Personal information
- Full name: Alexander William MacDougall
- Born: 19 March 1837 Kingston, Surrey County, Jamaica
- Died: 1 November 1917 (aged 80) Greenwich, London, England
- Batting: Unknown

Domestic team information
- 1858: Nottinghamshire

Career statistics
| Competition | First-class |
| Matches | 1 |
| Runs scored | 3 |
| Batting average | 1.50 |
| 100s/50s | –/– |
| Top score | 3 |
| Balls bowled | – |
| Wickets | – |
| Bowling average | – |
| 5 wickets in innings | – |
| 10 wickets in match | – |
| Best bowling | – |
| Catches/stumpings | –/– |
- Source: Cricinfo, 18 February 2013

= Alexander MacDougall (cricketer) =

English cricketer

Alexander William MacDougall (19 March 1837 - 1 November 1917) was an English first-class cricketer. MacDougall's batting style is unknown. He was born at Kingston, Jamaica.

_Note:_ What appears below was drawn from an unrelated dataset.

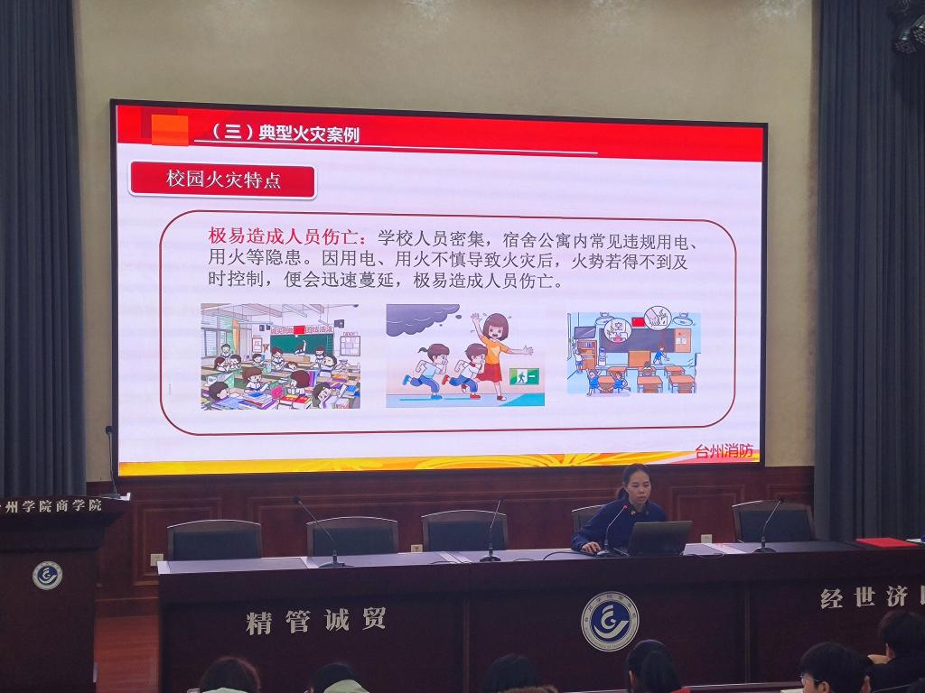 3月7日下午,椒江区消防救援大队宣传骨干蒋雨薇女士应邀来我院开展消防安全知识专题宣讲,并向蒋雨薇颁发“消防安全辅导员”聘书,学院全体辅导员和学生干部参与活动。

MacDougall made a single first-class appearance for Nottinghamshire against Surrey in 1858 at The Oval. He was dismissed for three runs in Nottinghamshire's first-innings by William Caffyn, while in their second-innings he was dismissed for a duck by Frederick Miller, with Surrey winning the match by ninw wickets. This was his only major appearance for Nottinghamshire.

According to the 1871 and 1881 Census, he lived at Battlefields House, Bath.

He died at Greenwich, London on 1 November 1917.